In my last blog post, I shared several different event-driven architecture patterns for databases and files. In one such pattern, I demonstrated how you can use serverless functions trigger downstream processes when new files are added or modified in object storage.

It’s time to put that pattern to work!

In this blog post, I’ll show you can implement event-driven real-time data ingestion from files using S3 Event Notifications in combination with AWS Lambda to trigger a simple Python script that sends file change events to a downstream service - in this case Tinybird.

Why Tinybird?
Tinybird is a powerful real-time data platform for data and engineering teams, so it’s a natural place to build and publish stakeholder-facing data products as a part of a large event-driven architecture strategy. Plus, I work here, so it’s easy and obvious.

Getting started

To follow along with this tutorial, you’ll need an AWS account. We’ll use the AWS Console to complete all of the AWS tasks, but you could also use the AWS CLI if desired.

You’ll also need to set up a Tinybird account - you can get one here for free - where you’ll be prompted to create a new Workspace.

A note on architecture

As a I covered in my last post, this is but one of many ways to process changes in source data systems as a part of an event-driven architecture. Here, we’ll use S3 Event Notifications and Lambda to send data to Tinybird:

A diagram showing an event-driven file ingestion patter on AWS. File updates are processed with S3 event notifications, triggering a Lambda function which sends the file to Tinybird for ingestion.
In this tutorial, I'll show you how to use S3 Event notifications and AWS Lambda to send new files from S3 into Tinybird.

But, we could just as easily use SNS or SQS and push our events to a message queue where they could be accessed by many downstream consumers, including Lambda (or Tinybird).

A diagram showing an alternative event-driven ingestion architecture, where file changes are sent to AWS SQS for downstream processors to subscribe
Alternatively, you could use something like SQS to publish file updates to a message queue for downstream consumption and processing.

If you’re curious about whether you should or should not use a message queue, read this.

Creating event-driven file ingestion with S3 and Lambda

Step 1: Create an S3 bucket

To get started, go to the AWS Console and find the S3 service.

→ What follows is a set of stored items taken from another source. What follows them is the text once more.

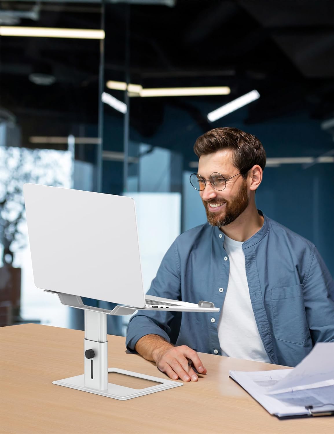 - Höhenverstellbar – Du kannst den Laptop-Ständer je nach Bedarf höher oder niedriger einstellen. Er hält deinen Laptop hoch, so dass du mehr Platz auf dem Schreibtisch für deine Tastatur, Maus, Unterlagen und andere Büroartikel hast.
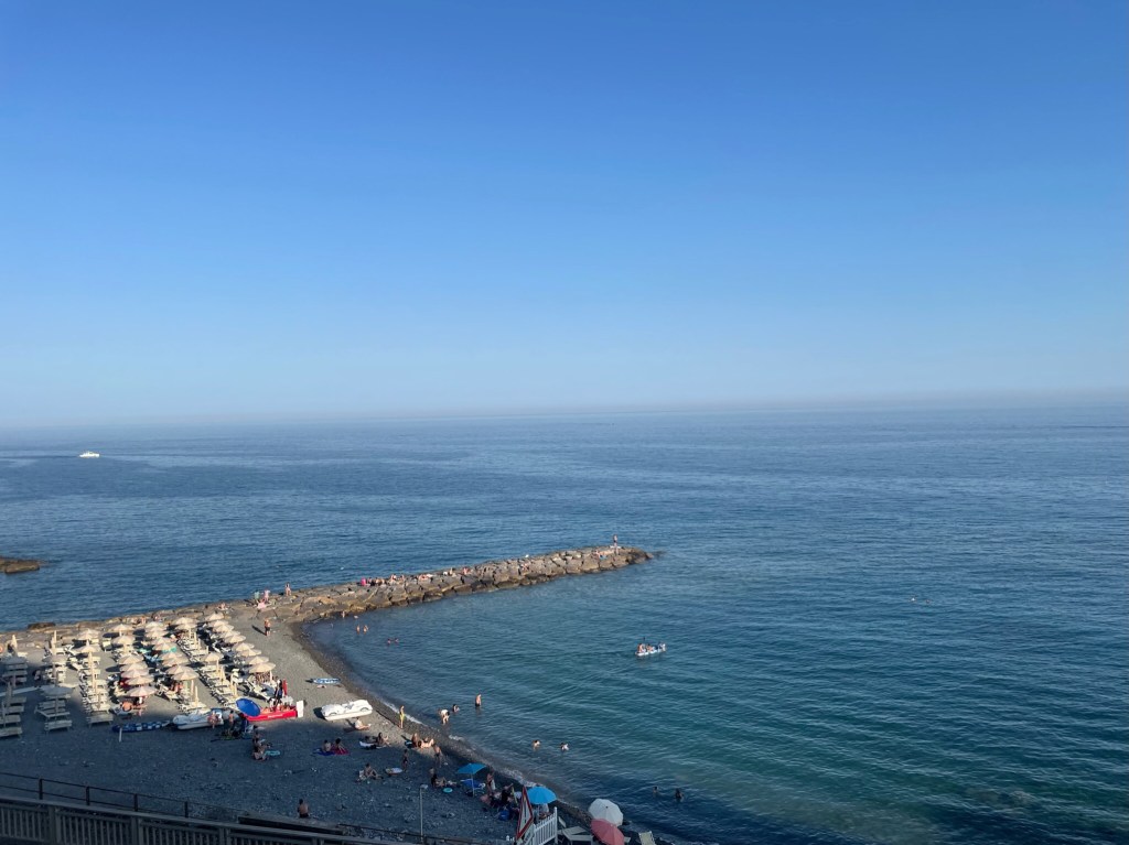 Jsme stále v Itálii a u Ligurského moře. Den trávíme u hotelového bazénu nebo procházkou k moři.
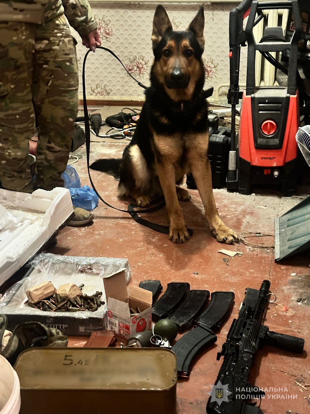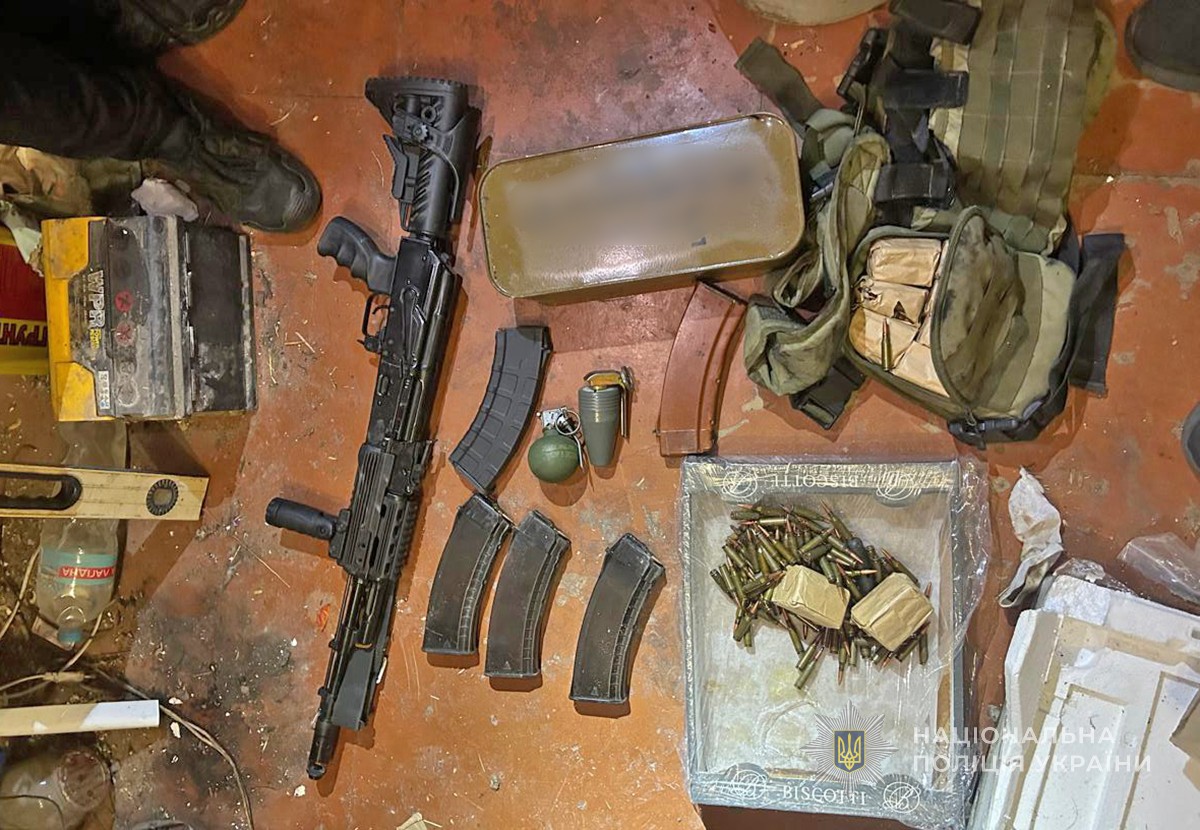 Цього ж дня у помешканні фігуранта правоохоронці із залученням кінологічної пари ГУНП в області провели огляд та виявили автомат Калашникова, шість магазинів і близько 1800 патронів до нього, а також дві гранати іноземного виробництва.
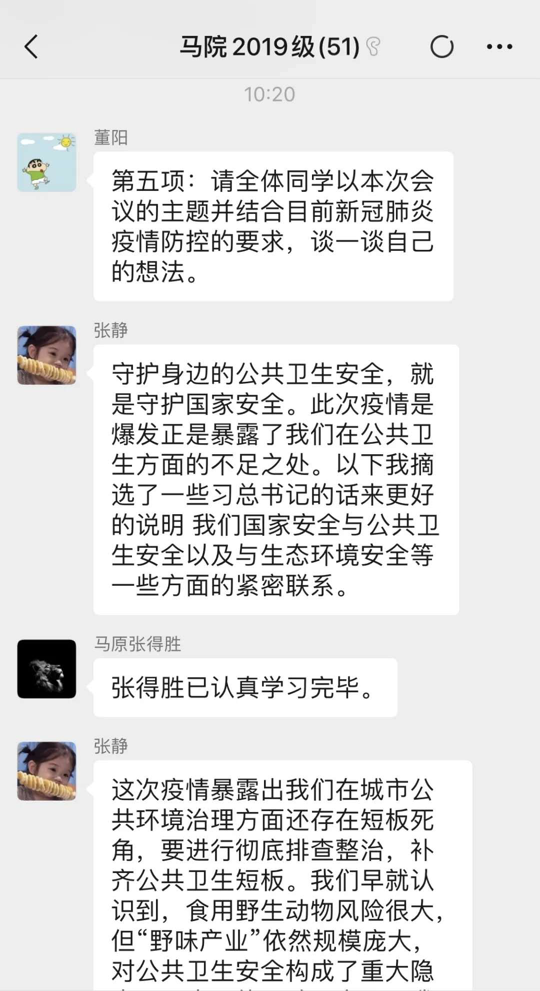 第五项:全体同学围绕本次会议的主题,结合当前新冠肺炎疫情防控的具体要求发表了自己的观点。

Create a new S3 bucket and give it a name. I’m using tinybird-test-1 for this tutorial.

Next, upload a standard CSV file containing some data. If you don’t have one handy, you can use this sample file. Just download it, and then upload it to S3. Make sure the file has the .csv suffix, as we’ll use this to filter files later on.

A screenshot of Amazon S3 showing a CSV file called stock_prices_1M.csv uploaded into an S3 bucket called tinybird-test-1

Step 2: Create the AWS Lambda function

Reference docs

Now, create the AWS Lambda function. Go to the Lambda service, and create a new function. Make sure that you are in the same AWS region as your S3 bucket.

In the function configuration, give your function a name and set the following parameters:

  • Runtime: Python 3.10
  • Architecture: arm64
  • Set the default execution role to Create a new role with basic Lambda permissions
Why arm64?
Running your function on arm64 is cheaper than x86, and all of the dependencies we need work fine on arm64. If you extend the function with additional logic, make sure any new dependencies are compatible with arm, or switch to x86.

Click the Create function button to finish.

A screenshot of an AWS Lambda configuration using the Python 3.10 runtime and the arm64 architecture.

Step 3: Update the Lambda IAM permissions

When you create the function, a new IAM role will be created for you. This role will have most of the permissions, but it is missing one that we’ll need later on for creating presigned URLs to send the data on to Tinybird.

Go to the IAM service, find the Roles tab, and look for the new role that was created for your Lambda. By default, the naming convention is <function_name>_role_<random_chars>. You can order the list by the Last Activity column and your role should come to the top. In my case, the role was called tinybird-s3-event-ingestion-role-xau9kvxa.

A screenshot of Amazon IAM configuring a new role for the AWS Lambda

Click into the role and select the Permissions tab. Click the Add permissions button and select Create inline policy. Switch to the JSON tab, and paste the following JSON into the text box. Make sure to modify the value of the Resource option, replacing tinybird-test-1 with the name of your own bucket.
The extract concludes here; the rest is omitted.